The preliminary test results show that the 20,000 people who have been vaccinated have not received any serious side effects. Three quarters were given the vaccine, the rest was given a placebo. Among the vaccinees, 2144 were elderly. For an optimal injection, two injections are required within 21 days.
“ These research results are extremely good,” says special professor of vaccine development Gideon Kersten. Also, the fact that three quarters of the vaccinees received the vaccine and only a quarter of the placebo is not remarkable. “You see that often, that the group receiving the drug is larger. They do so because a larger group with an effective vaccine is statistically stronger. By the way, the placebo group is still strong.”
The Russian medicine agency approved the Sputnik vaccine in August already accelerated. The hasty process of approval was highly critical; Russia bypassed many scientific procedures, doubting the reliability and safety of the vaccine. But the fact that Phase 3 research results have now been shared is good news and transparent, the experts say.

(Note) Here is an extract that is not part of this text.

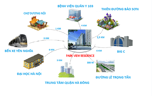 Chung cư Park View Residence Dương Nội tọa lạc tại vị trí đắc địa, nằm ngay trên trục đường Lê Văn Lương kéo dài- Phía Tây Nam: tiếp giáp các khu đô thị mới: Văn Khê, Dương Nội,....- Phía Đông Nam: giáp đường Tố Hữu ( Lê Văn Lương kéo dài - trục đường Láng Hạ kéo dài đi thẳng vào khu vực trung tâm Hà Nội)- Phía Bắc: Khớp nối hạ tầng với khu Thương Mại – Du Lịch – Văn Hóa và đô thị mới phía Tây Hà Nội
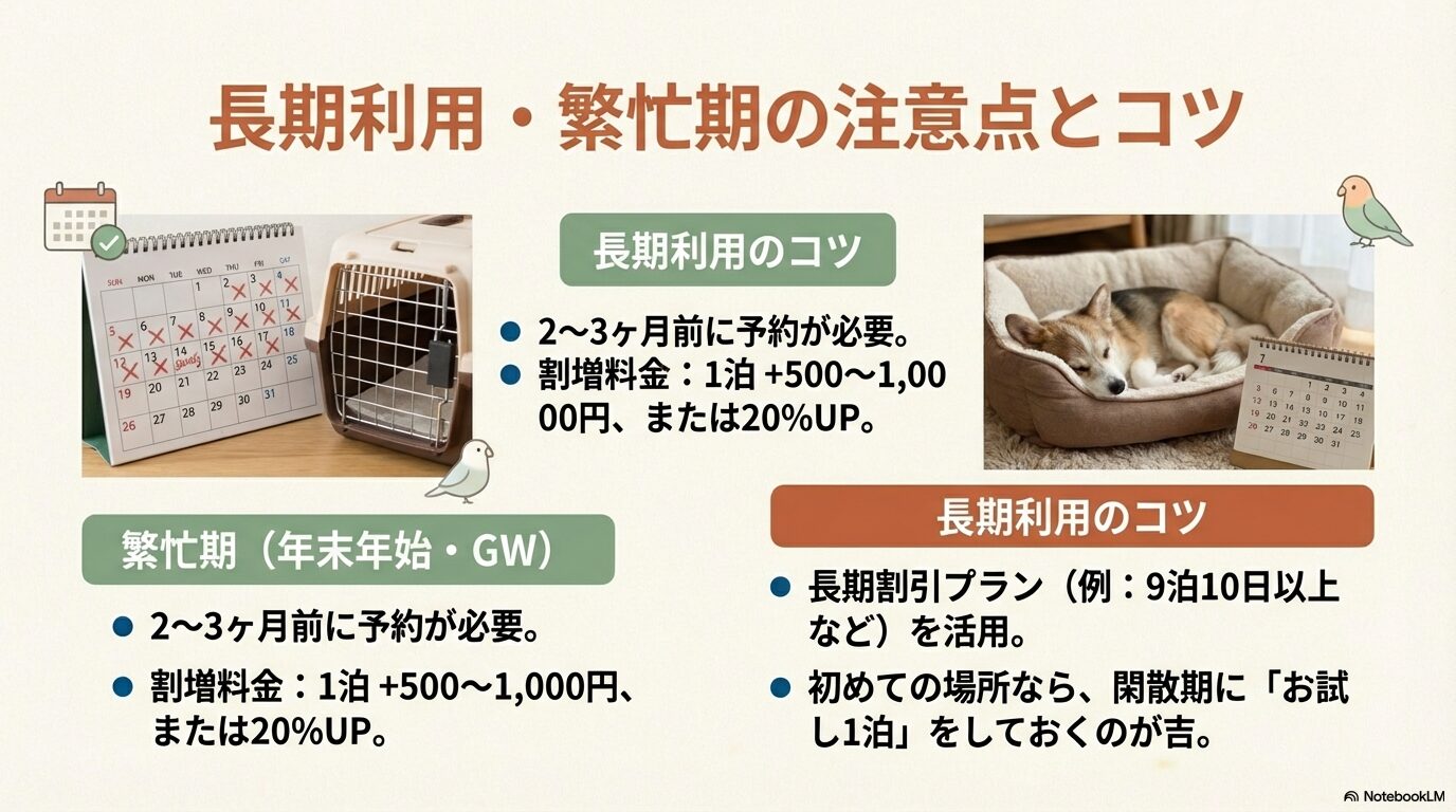 - 長期利用や繁忙期の料金相場と予約をスムーズに取るコツ

According to Diavatopoulos, these positive interim results open doors for cooperation. “Combining vaccines from different manufacturers can work well because they are all focused on the same spike protein.” Therefore, the immunologist calls to combine vaccines. “Give prick one of AstraZeneca, and prick two of Moderna. Or Sputnik or Janssen – if theyre approved. Then we can work much faster.”

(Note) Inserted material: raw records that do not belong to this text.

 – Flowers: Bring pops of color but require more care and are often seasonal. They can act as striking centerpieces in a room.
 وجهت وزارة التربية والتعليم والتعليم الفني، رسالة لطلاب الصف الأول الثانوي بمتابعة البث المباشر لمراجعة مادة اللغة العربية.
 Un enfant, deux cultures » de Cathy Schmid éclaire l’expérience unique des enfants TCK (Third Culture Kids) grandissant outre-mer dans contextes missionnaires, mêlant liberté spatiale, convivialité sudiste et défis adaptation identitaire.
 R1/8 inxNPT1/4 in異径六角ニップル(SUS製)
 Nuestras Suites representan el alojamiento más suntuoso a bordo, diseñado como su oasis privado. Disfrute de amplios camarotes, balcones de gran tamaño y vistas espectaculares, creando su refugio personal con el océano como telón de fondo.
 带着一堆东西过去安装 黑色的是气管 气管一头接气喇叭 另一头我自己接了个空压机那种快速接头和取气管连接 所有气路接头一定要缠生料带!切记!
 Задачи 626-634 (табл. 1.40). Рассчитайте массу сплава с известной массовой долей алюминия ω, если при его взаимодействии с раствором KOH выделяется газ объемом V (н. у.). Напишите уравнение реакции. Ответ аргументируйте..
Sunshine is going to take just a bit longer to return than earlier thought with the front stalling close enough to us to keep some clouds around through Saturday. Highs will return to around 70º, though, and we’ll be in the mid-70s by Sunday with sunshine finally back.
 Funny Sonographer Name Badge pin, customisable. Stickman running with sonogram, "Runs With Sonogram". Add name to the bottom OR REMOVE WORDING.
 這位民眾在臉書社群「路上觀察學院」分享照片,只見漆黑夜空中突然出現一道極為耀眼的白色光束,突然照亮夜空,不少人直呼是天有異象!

According to the immunologist, this could work well. “This is also done with other (heterologous) vaccines and it often works.” However, the vaccine companies will not respond very positively to this proposal. Many of them have a commercial aspect, says Diavatopoulos. “For many manufacturers, this will be curses in the church. They do not want to compare their vaccine one on one with another vaccine.”
Vaccination faster than now
However, before we get to that step, there is still a hurdle to be taken: the approval of the EEA. Then we can look at the data of the Russians. “Previously, the Russians were not transparent at all,” says Kersten. That is why it is so important for the EEA to look into a possible approval. “At the moment the EMA says that this looks safe and effective, we must also start using Sputnik massively. More people need to be vaccinated faster,” says Diavatopoulos.
EU countries can, if it is up to the Sputnik manufacturer, have 100 million doses of the vaccine already in the second quarter of this year. The manufacturer already offered the doses to the EU last Friday, provided that the vaccine is approved by the EMA.
Because of the many doubts about reliability, the EU did not seem very keen at that time; Brussels correspondent Sander van Hoorn has not yet seen any signs that the EU has changed its mind through the review. Hungary, which operates its own course, has already ordered 2 million doses.